Your output is to hold only the lines from the one showing "Excellent pre-owned condition." through the end of the listing, exactly, with every picture excluded.

■ **Data extract**
========================
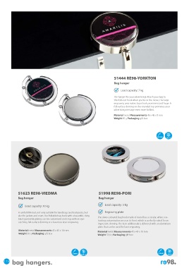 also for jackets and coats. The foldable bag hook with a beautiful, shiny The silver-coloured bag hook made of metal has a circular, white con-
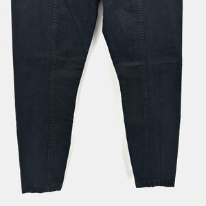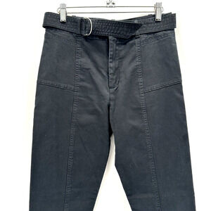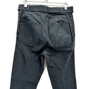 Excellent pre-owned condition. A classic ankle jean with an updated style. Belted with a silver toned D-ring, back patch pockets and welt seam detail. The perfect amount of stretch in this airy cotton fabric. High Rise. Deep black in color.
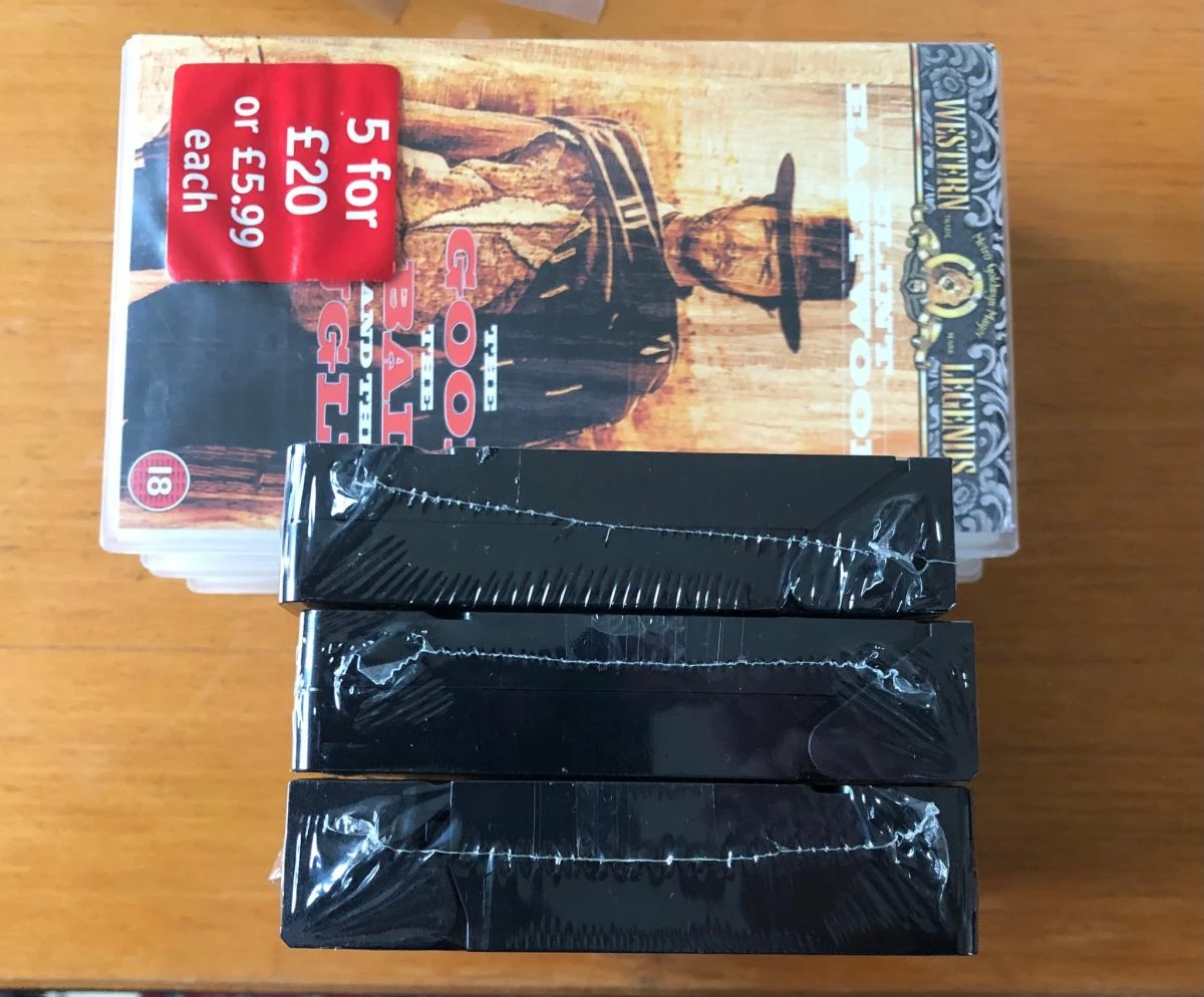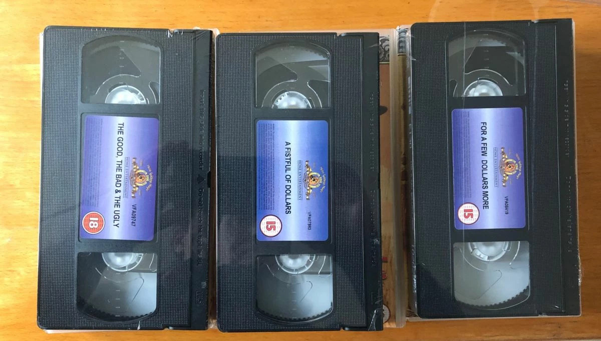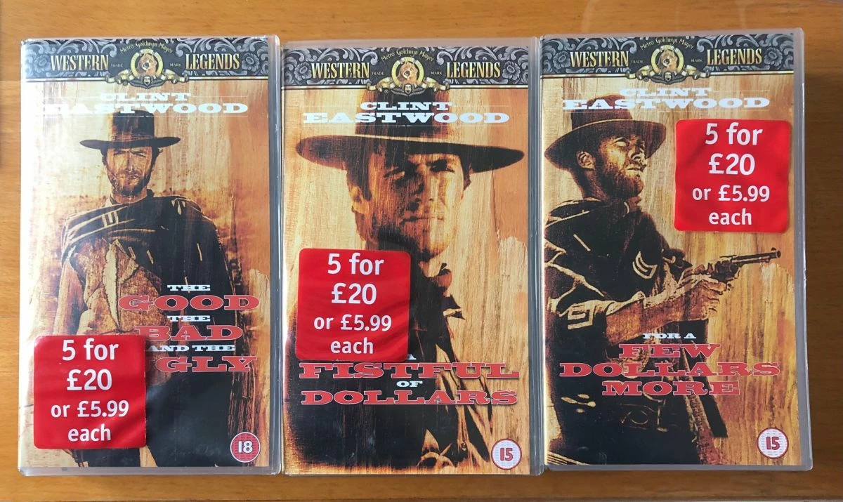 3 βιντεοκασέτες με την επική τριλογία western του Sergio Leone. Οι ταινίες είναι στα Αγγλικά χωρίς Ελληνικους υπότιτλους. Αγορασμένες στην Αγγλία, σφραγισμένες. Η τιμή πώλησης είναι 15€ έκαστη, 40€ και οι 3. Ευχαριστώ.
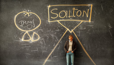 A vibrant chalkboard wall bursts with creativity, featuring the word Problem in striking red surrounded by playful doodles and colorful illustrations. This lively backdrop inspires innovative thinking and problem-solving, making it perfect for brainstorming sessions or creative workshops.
========================
■ **Result below**
 Excellent pre-owned condition. A classic ankle jean with an updated style. Belted with a silver toned D-ring, back patch pockets and welt seam detail. The perfect amount of stretch in this airy cotton fabric. High Rise. Deep black in color.
 3 βιντεοκασέτες με την επική τριλογία western του Sergio Leone. Οι ταινίες είναι στα Αγγλικά χωρίς Ελληνικους υπότιτλους. Αγορασμένες στην Αγγλία, σφραγισμένες. Η τιμή πώλησης είναι 15€ έκαστη, 40€ και οι 3. Ευχαριστώ.
 A vibrant chalkboard wall bursts with creativity, featuring the word Problem in striking red surrounded by playful doodles and colorful illustrations. This lively backdrop inspires innovative thinking and problem-solving, making it perfect for brainstorming sessions or creative workshops.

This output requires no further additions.